Shepard was able to test his abstraction rules for words of one or two nucleotides locally at the University of Toledo. As more bases are used to create each binary digit, however, the possible abstraction outcomes increased exponentially, requiring far more computational horsepower. To test rules for longer word lengths, Shepard turned to the Ohio Supercomputer Center (OSC) and its flagship system, the 9500-node IBM Cluster 1350. Shepard and fellow student, Andrew McSweeny, accessed the “Glenn Cluster” to optimize the abstraction process by using “hill-climbing” techniques that determine a single, maximal value for each abstraction space, rather than each of its possible values.
“The trials required approximately 116 individual supercomputer jobs, each using 128 computer cores (32 physical nodes) and taking a little over two hours of wall time per round,” Shepard said. “Total optimization for the tetranucleotide abstraction rule took more than ten-and-a-half days for 324 million abstraction rules.”
“Researchers at Ohio universities are fortunate to have at their disposal the resources of the Center when their investigations require computational resources beyond those found on their campuses,” said Yuan Zhang, client and technology support engineer at OSC. “Beyond the big hardware, OSC also offers researchers the expertise to prepare their jobs to run efficiently on parallel systems.”
Shepard and his colleagues then combined different abstraction models to improve accuracy.
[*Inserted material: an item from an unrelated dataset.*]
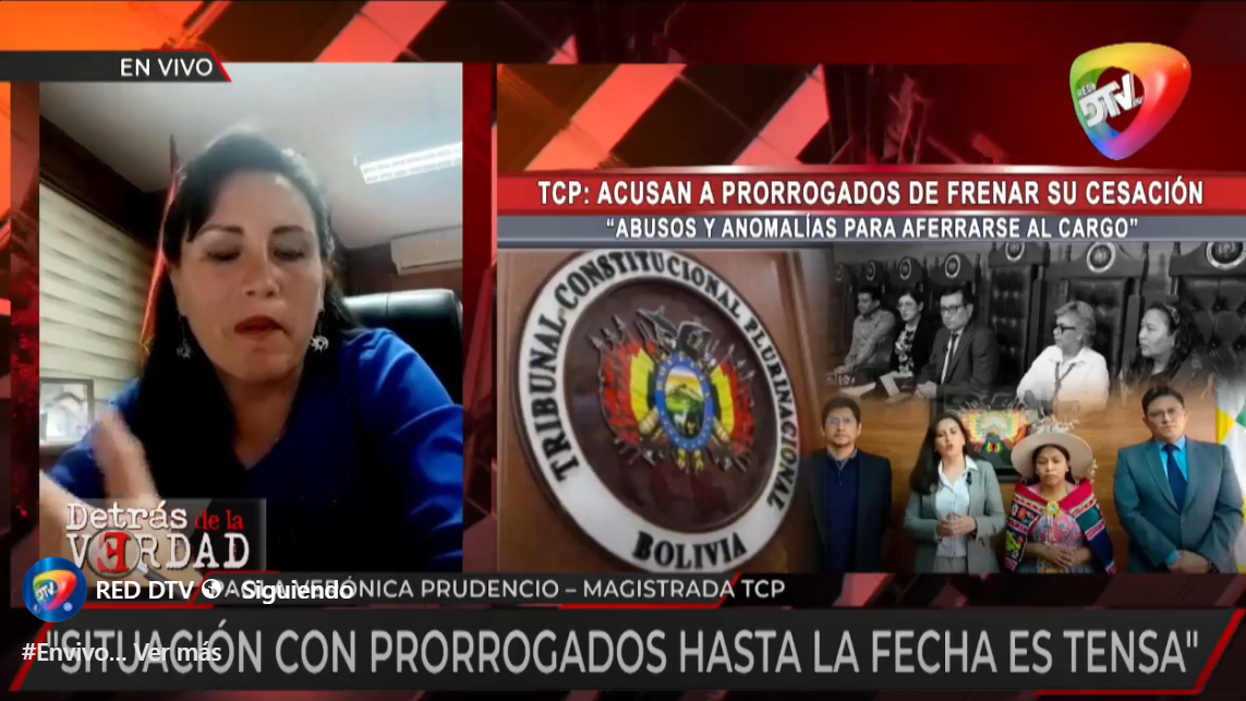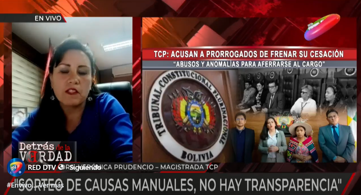 Paola Verónica Prudencio afirma que cinco magistrados continúan en el cargo ‘de manera inconstitucional’, bloquean reformas internas y mantienen el control del Tribunal Constitucional mediante sentencias ‘en causa propia’.

Using support vector machine technology, they achieved a prediction accuracy of greater than 95 percent. Based upon his research, Shepard is preparing a scholarly paper for publication in a professional journal – the sixth he’s authored or co-authored while working under advisor Alexei Fedorov, associate professor of medicine and director of Bioinformatics Lab.
“In his three years, Sam has been involved in no less than a dozen projects in my lab, in different areas of mathematics, genomics and proteomics,” said Fedorov. “With his technical expertise, Sam has co-taught the Biomedical Databases summer course for three years, has given a number of lab sessions and lectures for the Perl programming course, and has assisted in the maintenance of the department’s cluster where student data is housed.”
Shepard had to miss graduation exercises and asked university officials place his Doctor of Philosophy in Biomedical Sciences diploma and the program’s Outstanding Student award in the mail. He had received an Austrian Marshall Plan Foundation scholarship and departed to study in Europe several days before the commencement ceremonies.
|A quick primer on genomics:
Within each cell's nucleus, deoxyribonucleic acid, or DNA, carries the information needed to create and sustain most living organisms. Most DNA is made up of a pair of twisted strands composed of paired subunits, called nucleotides, that comprise the nucleotide bases or "letters" of the genetic alphabet: adenine (A), thymine (T), guanine (G) or cytosine (C). Just as the order of letters determines the meaning of a word, the order of the bases determines the meaning of the information encoded in that part of the DNA. Some sequences or "words", called exons, are translated into proteins that express the genetic instructions, while other sequences, known as introns serve as intervening markers between exons and contain various genomic signals.